Probabilistic predictions are everywhere and of course in sports as well. The holly grail of sports analytics is to predict the outcome of a game after all. A typical approach that is used to evaluate predictions is focused on the accuracy, that is, how many correct predictions did the prediction engine make. In theory this is correct, especially when the predictions are made without any probabilistic justification (e.g., experts on sports networks making their picks). Accuracy is known to have issues in scenarios where the binary output is unbalanced; this is not a problem for sports predictions typically though. However, when the picks are made through a probabilistic model (e.g., logistic regression), the output is a quantization of a genuine probability. The typical threshold is 0.5, i.e., if the output of the model is greater than 0.5 then label 1 (e.g., home team wins) is assigned to the specific instance, while if the output is less than 0.5 label 0 is assigned (e.g., road team wins). However, one of the problems I have with this is the fact that if the output of the model is say 0.58, this translates to the specific data instance having a probability of 58% being of class 1 (e.g., the home team has a 58% probability of winning). This is far from certain, and there is a non-negligible 42% probability of the instance being of class 0 (e.g., the road team to win). This is not captured in the accuracy results typically presented.
Here I will discuss another way to evaluate the performance of a logistic regression model. While this is a generic evaluation metric I will focus on the NFL prediction engine (FPM) I have developed with Vagelis Papalexakis. While the details of this engine most probably will be part of a different post, in brief, the engine consists of two modules; (i) a bootstrap module to infer future predictions of teams performance through a biased re-sampling with replacement, and (ii) a Bradley-Terry regression model to obtain the probability of the home team winning a matchup. The features we used are simple box-score statistics (e.g., total offensive yards, turnovers etc.). The output of FPM is a probability for the home team winning the game. For example, in yesterday’s matchup at Heinz Field, the Steelers had a 72% of winning based on FPM. Eventually the Steelers won, so someone would say that the prediction was accurate. Wouldn’t it be accurate if the Giants had won? After all FPM game then a 28% probability of winning the game. This calls for a better way to evaluate the actual outcome of the logistic regression model, i.e., the probability.
What does 72% probability of Steelers winning this matchup means? If we had the ability to replay the game 1000 times under the same situation Steelers are expected to win 720 times and Giants 280. Obviously we cannot replay the game 1000 times.

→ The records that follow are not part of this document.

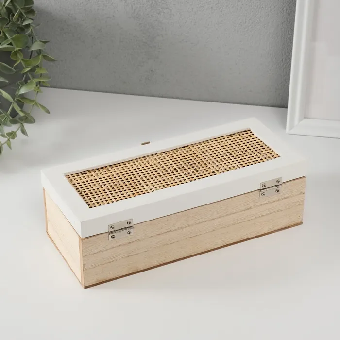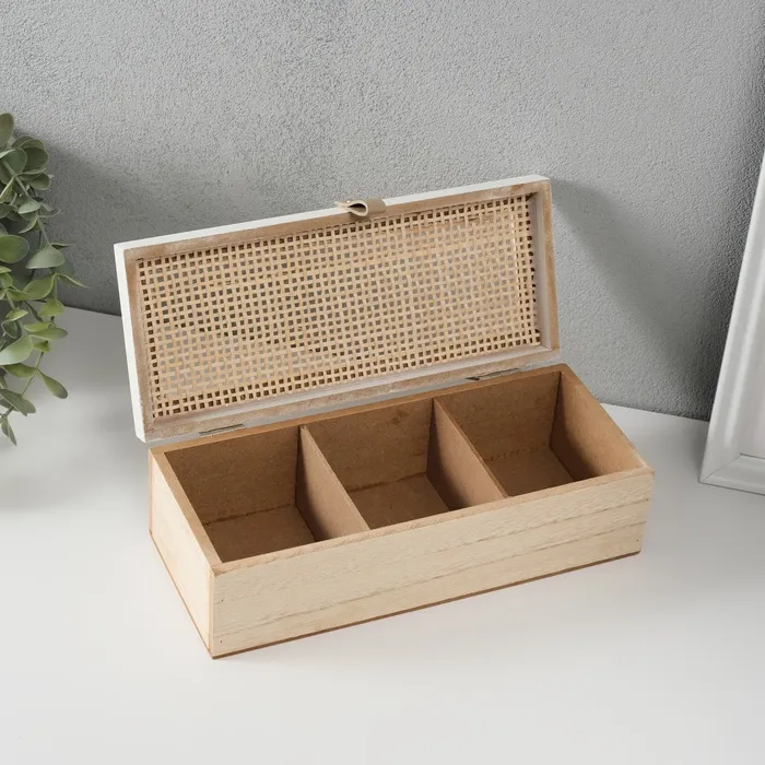 Шкатулка для чая с делениями «Корзинное плетение», дерево, 10×23.5×7 см — Характеристики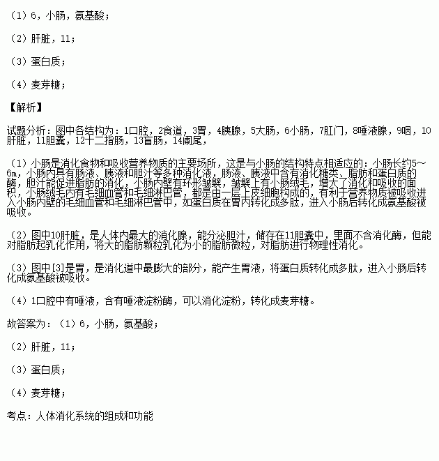 (1)人体内消化和吸收的主要器官是[ ] ,营养物质如蛋白质在这里最终被分解成 。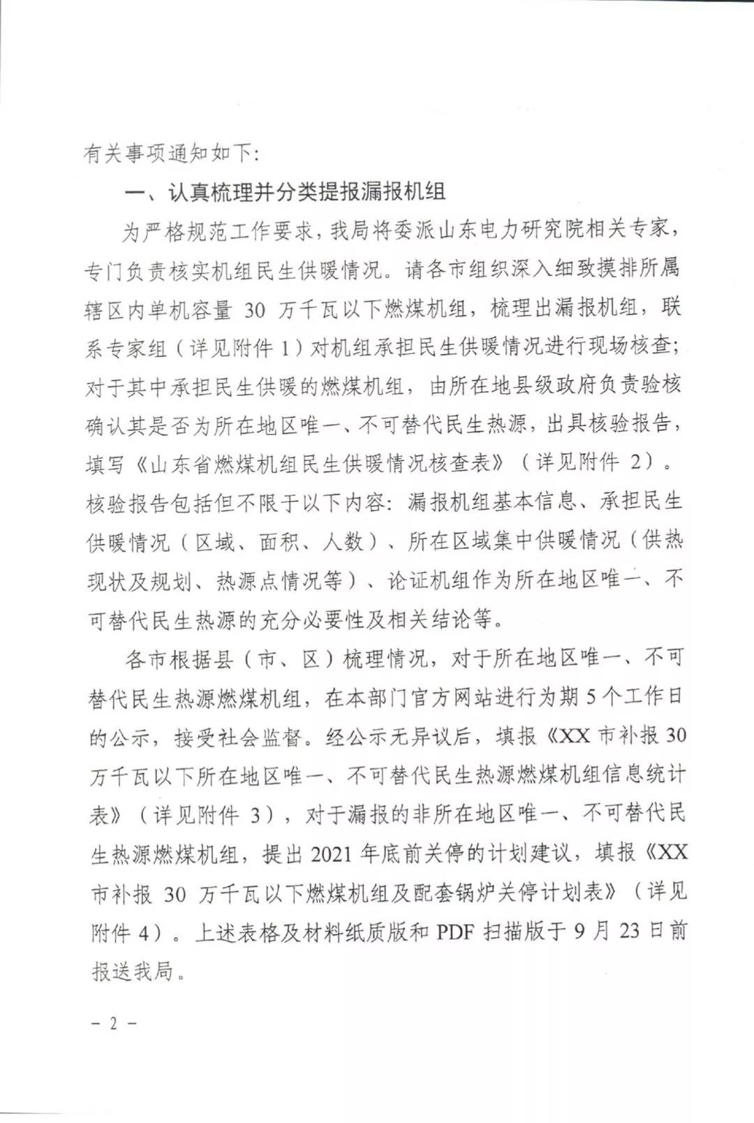 《通知》中表示,近期山东省各市根据《山东省人民政府办公厅关于严格控制炭消费总量推进清洁高效利用的指导意见》(鲁政办字[2019]117号)等文件有关部署要求,梳理了辖区内单机容量30万千瓦以下燃煤机组信息,对于漏报的非所在地区唯一、不可替代民生热源燃煤机组,提出2021年底前关停的计划建议。

So one way to evaluate how accurate is this 72% probability is the following: For all the games that FPM predicted a win for the home team with probability x%, what percentage of times did the home team actually win? An accurate model for the probability would have this percentage to be around x%. In other words when plotting the predicted probability from the model with the fraction of those games actually predicted correctly, the slope of the linear fit line should be statistically equal to 1. We will term this slope as the regression probability slope. One of the problems is that there might not be many games with a predicted probability 0.67 for example. Hence, one can quantize the probabilities (e.g., at increments of 0.05). The following figure shows the results from our FPM model for the prediction of the last seven years of NFL games (2009-2015).
As we can see for all the ranges of predicted probabilities the confidence interval of the fraction of correct predictions touches the y=x line. In fact, the linear fit line exhibits a regression probability slope of 0.96 ($latex R^2 = 0.94), with a confidence of [0.76,1.14], i.e., the slope is not statistically different than 1, and hence the predicted win probabilities are accurate.
In the general case, for a general classification problem, the probabilities of a data instance being of class 1 could be used and generate similar plots and compute the relevant slope. I strongly believe that this is a better measure for evaluating a logistic regression (or any other probability prediction) model and hopefully, we will see more researchers and practitioners using it.
P.S. Another metric that is used for evalauting probability predictions is the Brier score. However, I refrain from describing it here since it is less intuitive and it is also more a metric of the callibration for the predicted probabilities as compared to accuracy of probabilities.